◆ **Work required**: Begin the copy at the line that contains "Gminne Zrzeszenie LZS", end it at the last line of the entries below, keep every word exact, and include no pictures.

_ _ _ _

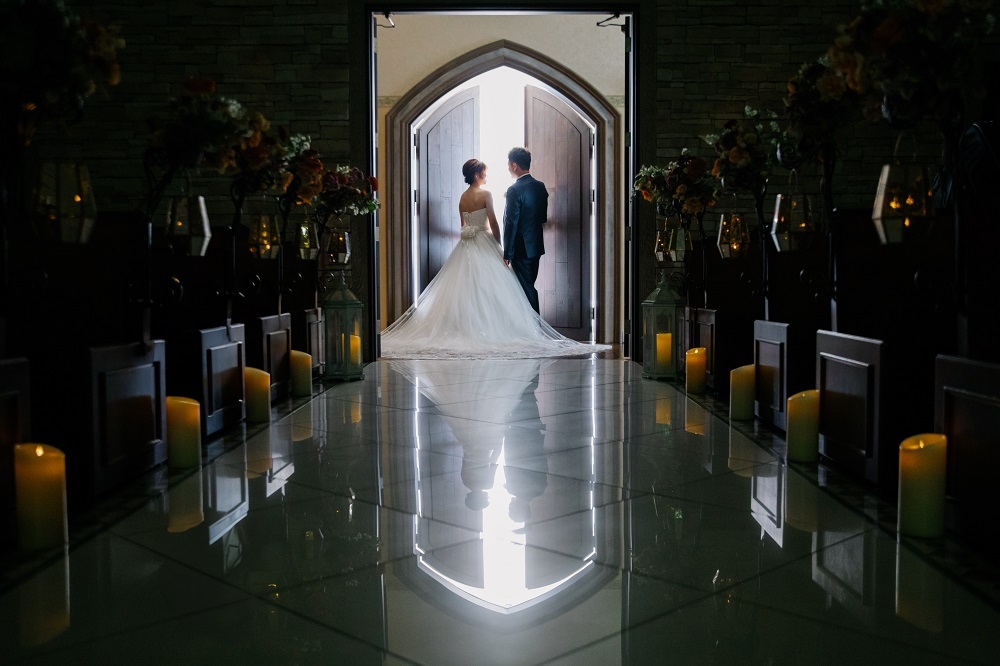 本物の結婚式場、本物のチャペルで撮影するからこそ、扉にもしっかりと重厚感があるつくりになっています。
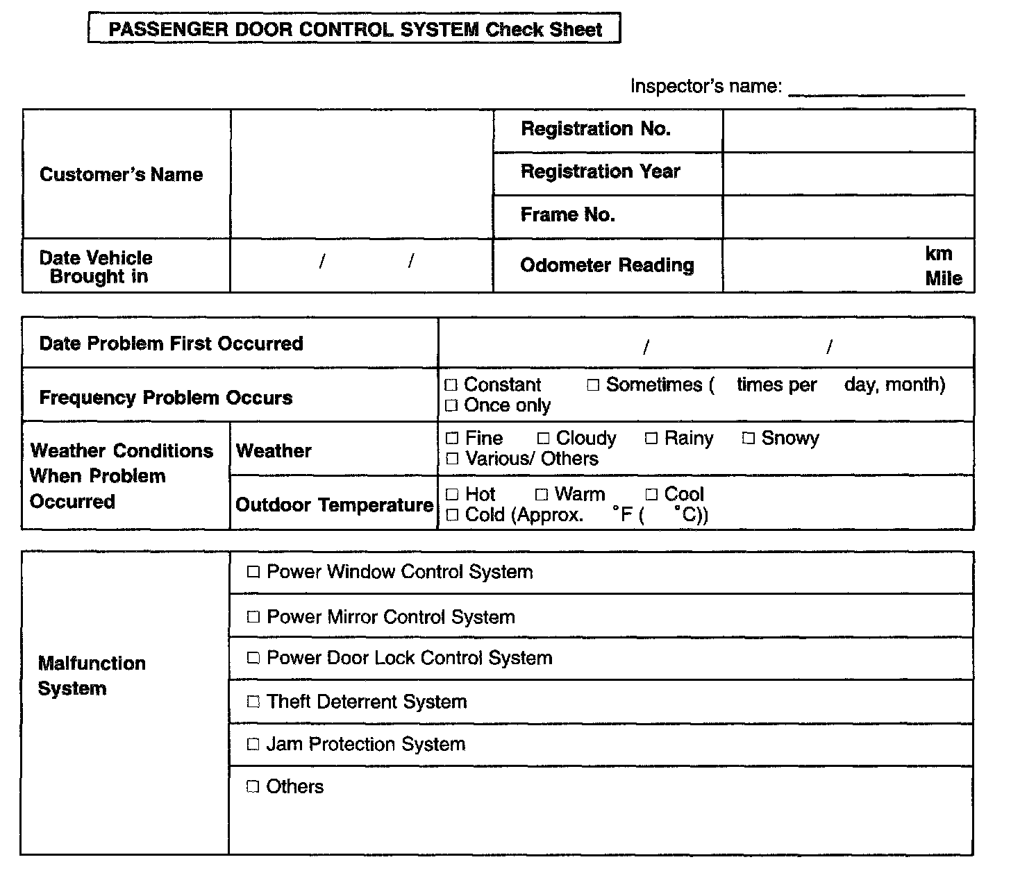 Passenger Door Control System Check Sheet:
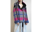 ジャガードで編み込まれた蛍光シャギーヤーンがさりげなく顔を覗かせる独自のチェックテキスタイル。
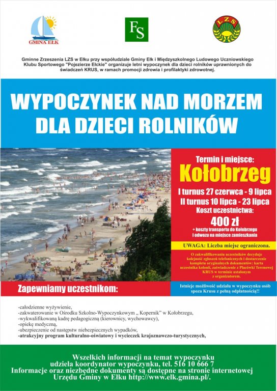 Gminne Zrzeszenie LZS w Ełku przy współudziale z Gminą Ełk organizuje kolonie dla dzieci rolników. Wypoczynek odbędzie się nad morzem w Ośrodku Szkolno-Wypoczynkowym „Kopernik” w Kołobrzegu, przy ul. Łopuskiego 37/39, 42/44. Pierwszy turnus odbędzie się w terminie od 27 czerwca 2016 do 9 lipca 2016, a drugi od 10 lipca 2016 do 24 lipca 2016.
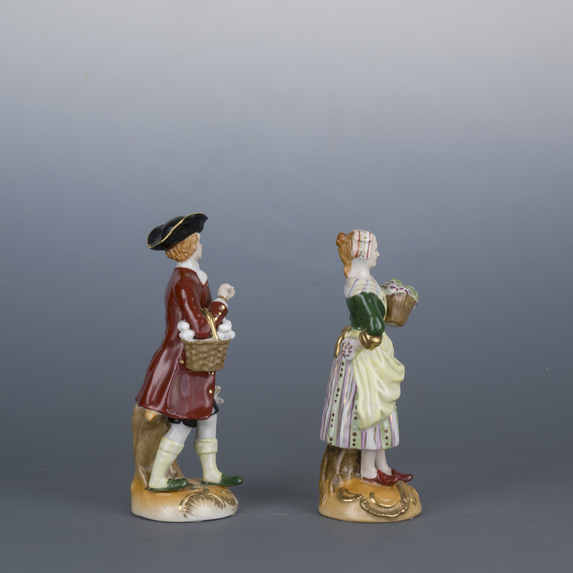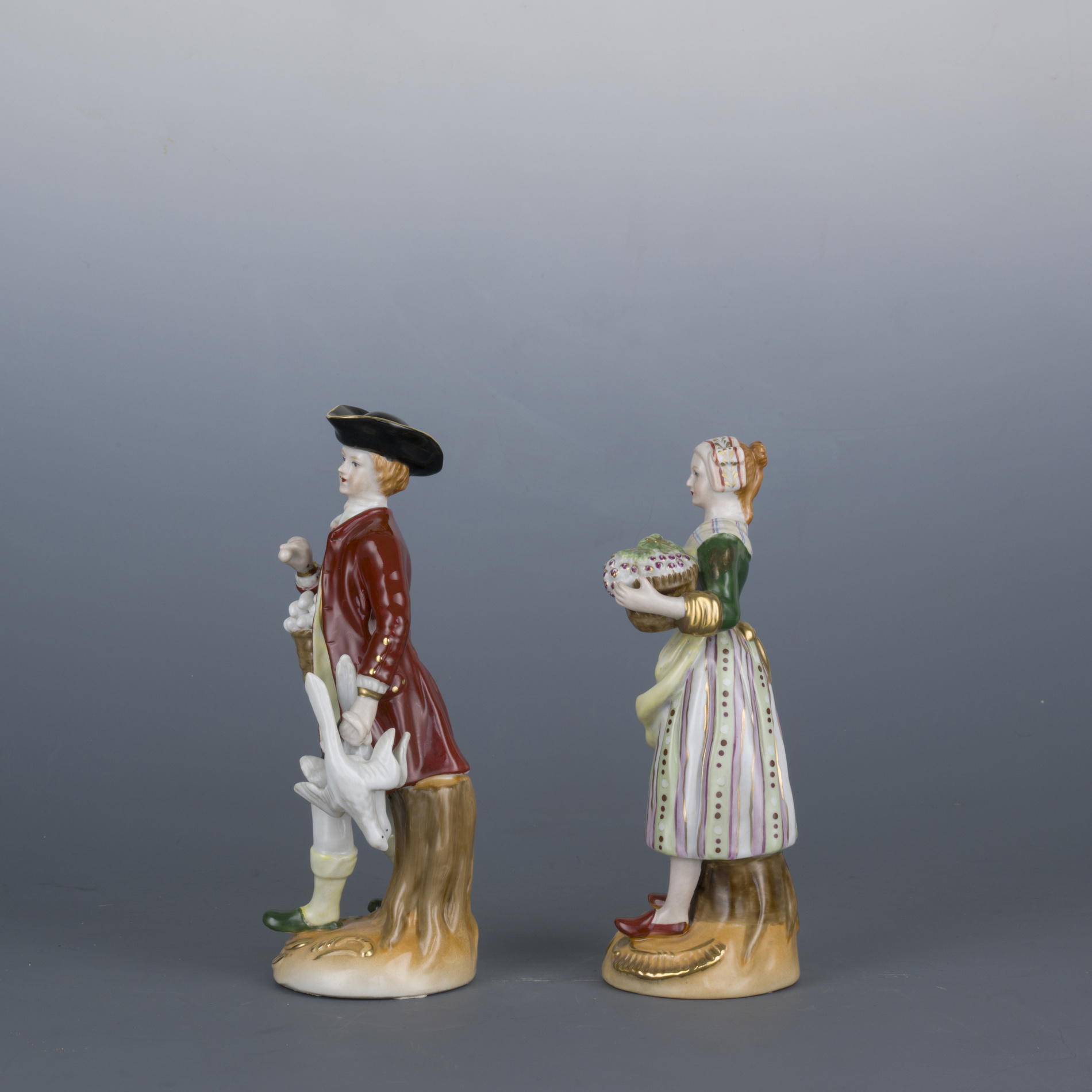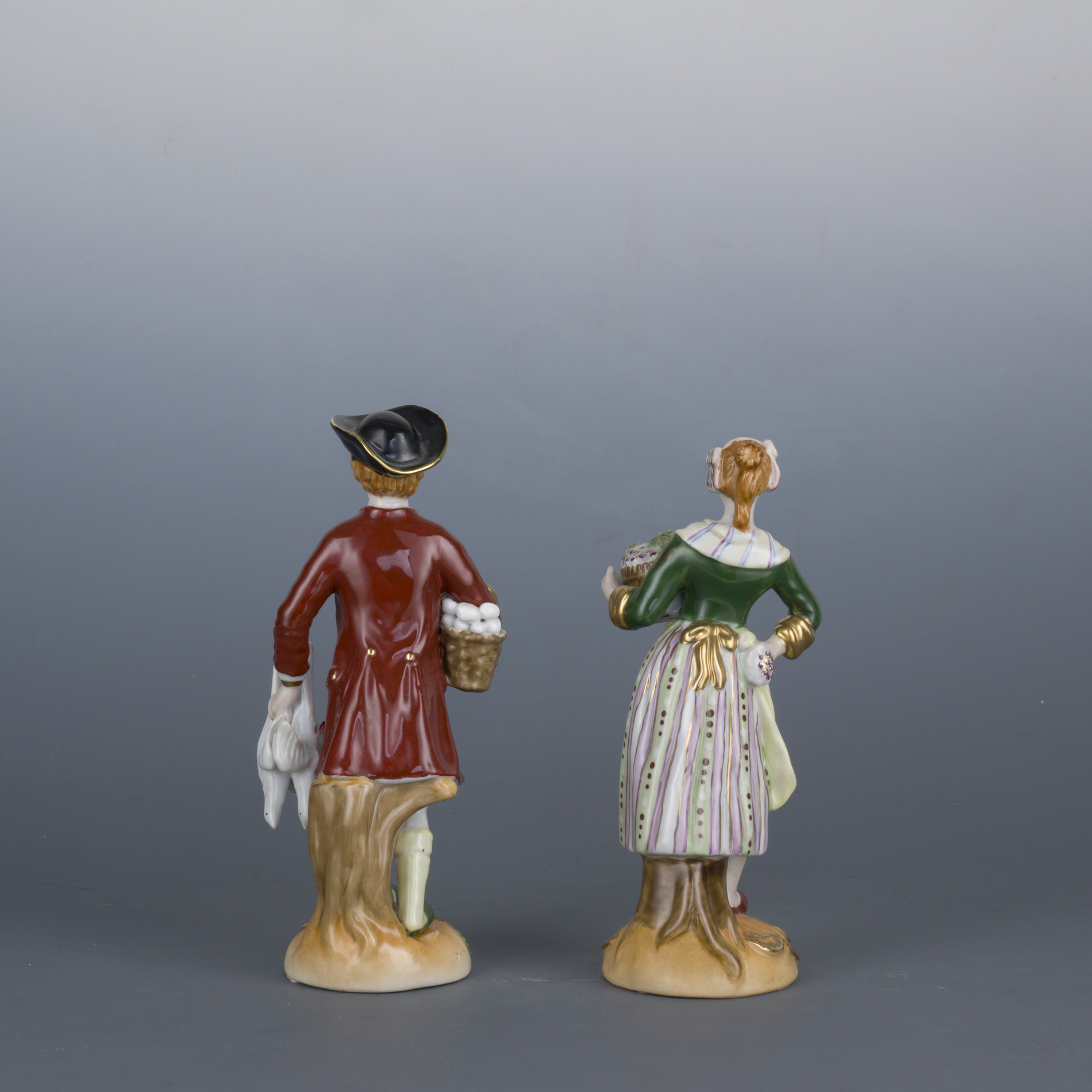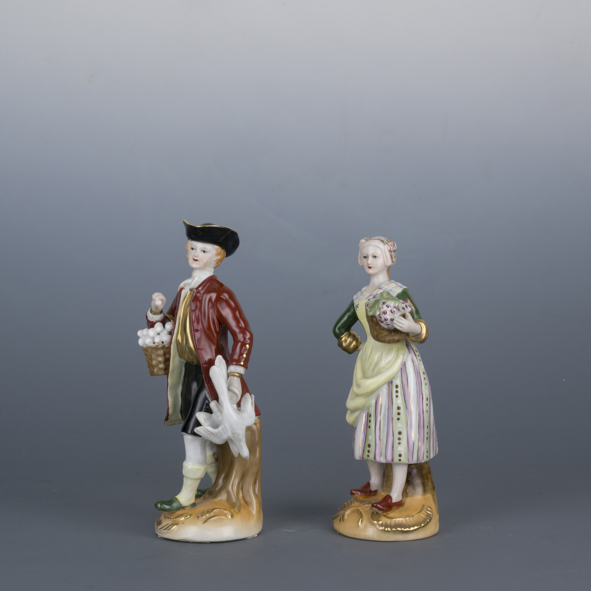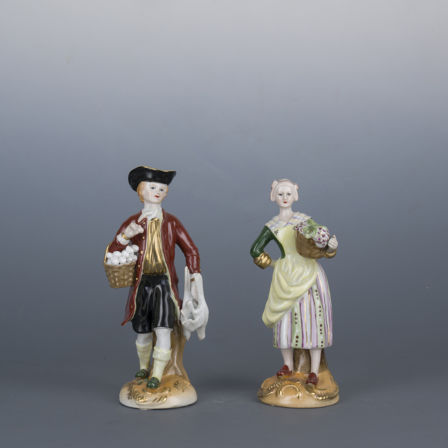 Raffigurante giovane contadino con cesto di uova e giovane contadina con cesto di frutti

_ _ _ _

◆ **Exercise solution**:
 Gminne Zrzeszenie LZS w Ełku przy współudziale z Gminą Ełk organizuje kolonie dla dzieci rolników. Wypoczynek odbędzie się nad morzem w Ośrodku Szkolno-Wypoczynkowym „Kopernik” w Kołobrzegu, przy ul. Łopuskiego 37/39, 42/44. Pierwszy turnus odbędzie się w terminie od 27 czerwca 2016 do 9 lipca 2016, a drugi od 10 lipca 2016 do 24 lipca 2016.
 Raffigurante giovane contadino con cesto di uova e giovane contadina con cesto di frutti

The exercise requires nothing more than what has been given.